Pèse sur le cédant de parts sociales une obligation d’information envers le cessionnaire, concernant la situation financière de la société cédée. Bien que le cédant ne soit pas directement responsable des dettes de la société après la cession, il doit fournir une information loyale et complète sur la situation financière de la société, notamment sur l’existence de passifs importants. Cette obligation découle du devoir de transparence et de bonne foi, et son non-respect peut engager la responsabilité du cédant pour réticence dolosive, surtout si cette rétention d’information induit le cessionnaire en erreur sur la valeur des parts cédées.
Récemment, la Cour de cassation a réaffirmé ce principe, sans considération de l’expérience du cessionnaire et de sa capacité à se renseigner par ses propres moyens.
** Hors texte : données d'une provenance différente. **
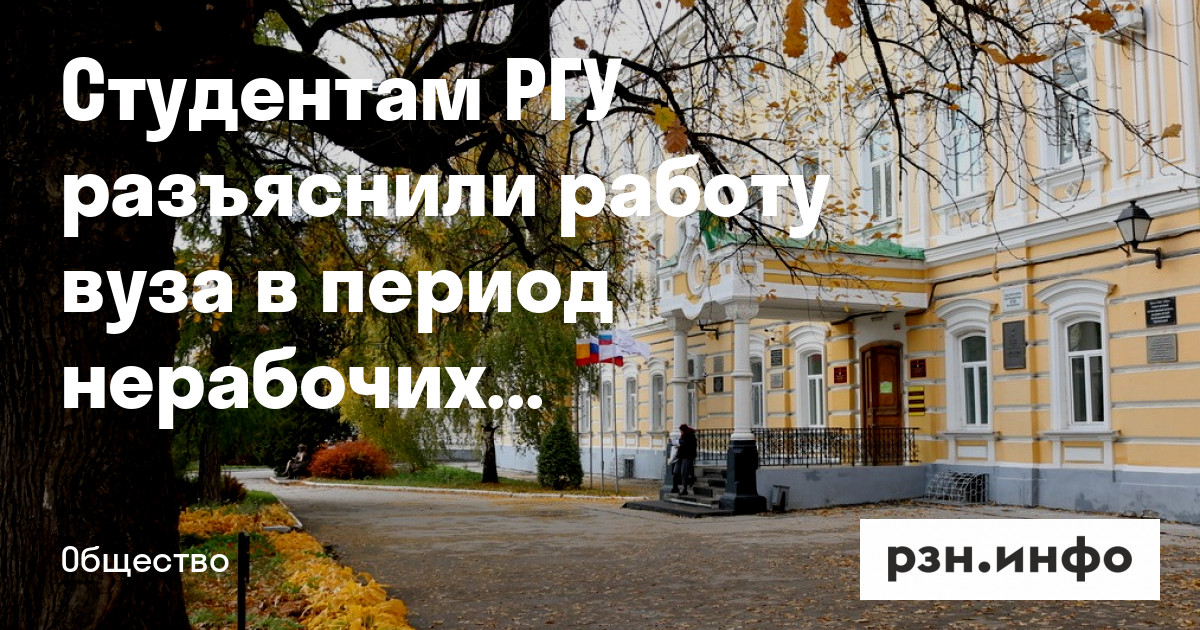 Руководство РГУ имени Есенина объяснило студентам, как будет проходить учебный процесс в период нерабочих дней с 30 октября по 7 ноября. Информация об этом в среду, 27 октября, появилась .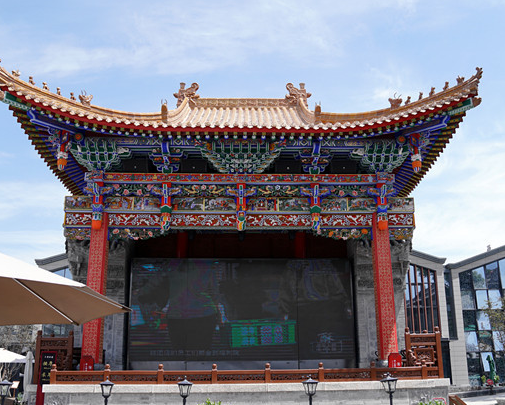 从门楼穿过,游客可以从左右两条街分流而行。在西府老街的中心区域,有一个不大不小的休闲广场,并建有一座戏楼;这是按1:1的比例复建韩城城隍庙戏楼而建的。戏楼侧面有8副木雕,均以西府文化为主,包括有张载讲学、商鞅变法、周公制禮乐、文王访贤、神农尝百草、暗度陈仓、秦晋之好、燕及望鲁。在这里,可以品茶、看戏、听秦腔,找寻到那久远而熟悉的西府韵味。

Au cas d’espèce, un associé avait cédé à un tiers la totalité des parts composant le capital social d’une société, avant que l’acquéreur ne l’assigne en annulation de la cession, pour réticence dolosive du fait que ce dernier ne l’ait pas informé du passif de la société antérieur à la cession, constitué de dettes, de contrats en cours et d’un prêt bancaire.
Le cessionnaire est débouté de sa demande devant les juges du fond, qui considèrent qu’étant donné que ce dernier prenait le contrôle de la société et compte tenu de son expérience dans la gestion des sociétés pour avoir été antérieurement gérant d’une société, il pesait sur lui une obligation renforcée de se renseigner sur la situation de la société qu’il acquérait.
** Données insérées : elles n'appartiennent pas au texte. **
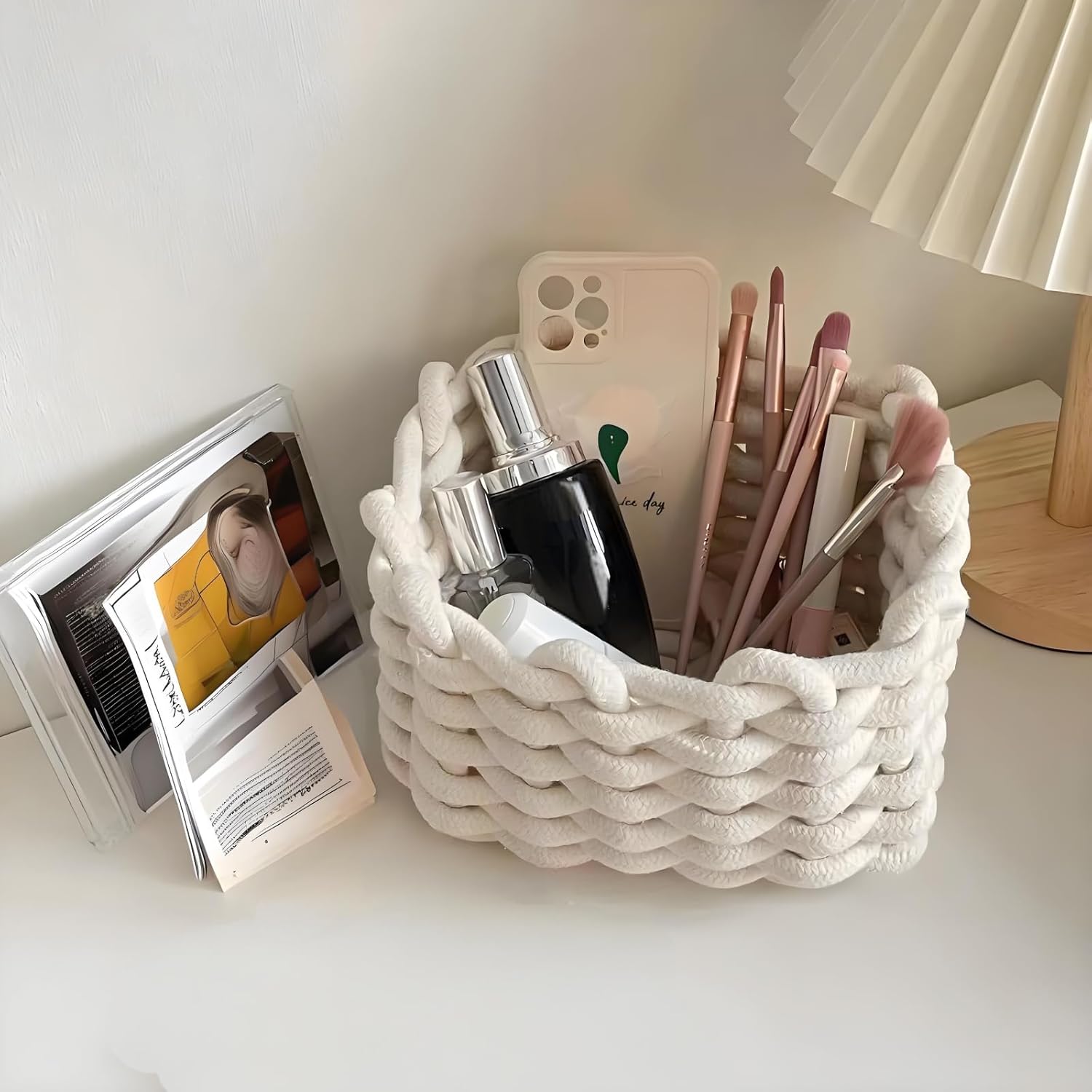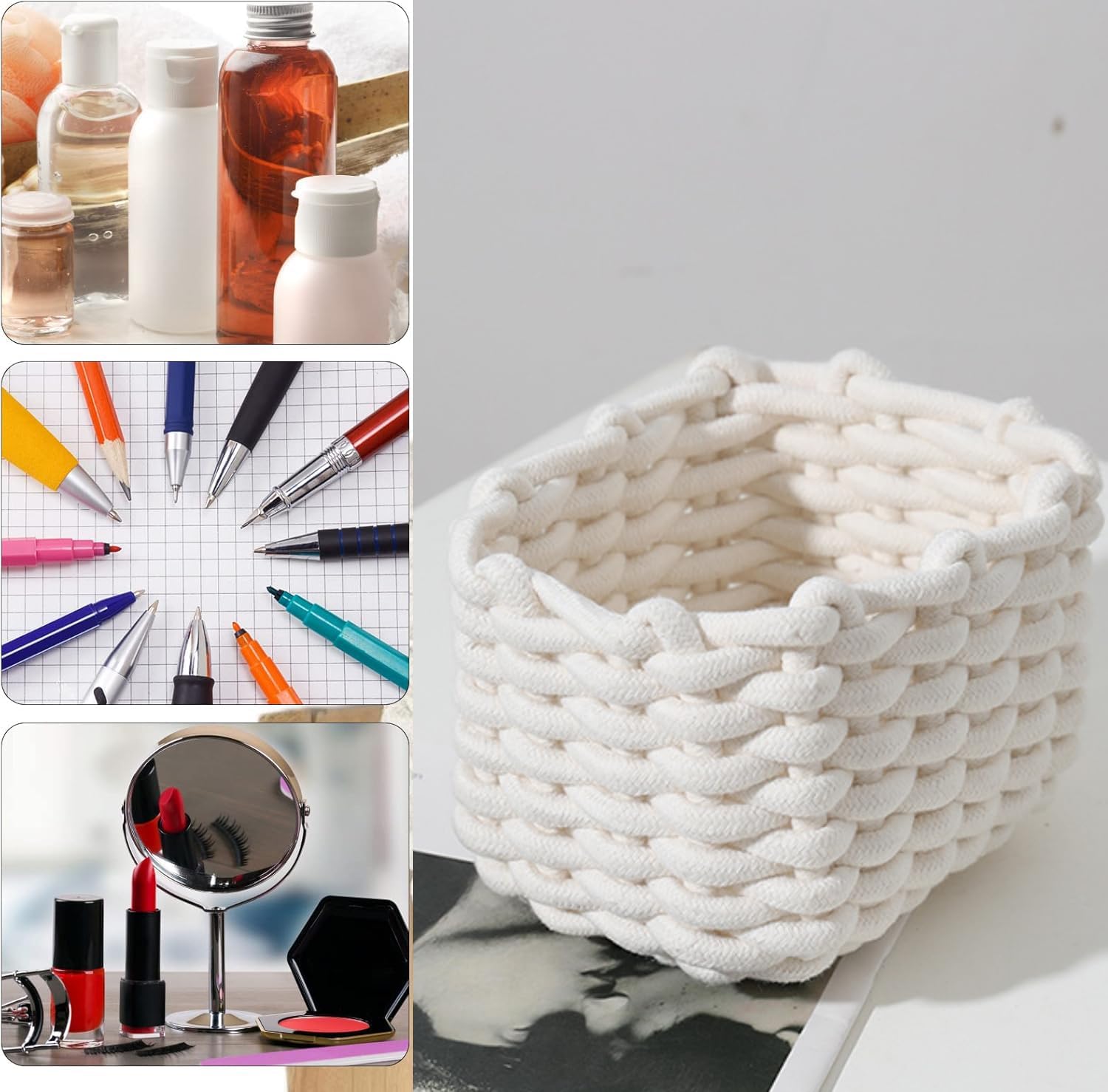 Cotton Rope Basket Woven Storage Baskets White Rope Desktop Basket Organizer Bathroom Storage Basket for Cupboard Nursery Decor

La juridiction d’appel ajoute qu’en l’absence de toute démarche du cessionnaire pour se renseigner sur la situation financière de la société, le silence du cédant sur l’existence de dettes et de contrats liant cette société à des tiers ne constitue pas une dissimulation volontaire de la situation financière de la société pouvant caractériser un dol.
Pourvoi est formé par le cessionnaire, qui argue du fait que la réticence volontaire d’une partie portant sur une information qu’elle savait déterminante pour son cocontractant constitue un dol et rend toujours excusable l’erreur provoquée.
La Cour de cassation sanctionne le raisonnement des juges du fond, et rappelle qu’en application des articles 1137 et 1139 du Code civil, constitue en effet un dol la dissimulation intentionnelle par l’un des cocontractants d’une information dont il sait le caractère déterminant pour l’autre partie, et que l’erreur qui résulte d’un dol est toujours excusable.
Aussi, la chambre commerciale considère qu’en ayant retenu le cessionnaire aurait dû se renseigner, avant la cession, sur la situation financière de la société, motifs impropres à exclure l’existence d’une réticence dolosive, laquelle rend toujours excusable l’erreur provoquée, la Cour d’appel n’a pas donné de base légale à sa décision.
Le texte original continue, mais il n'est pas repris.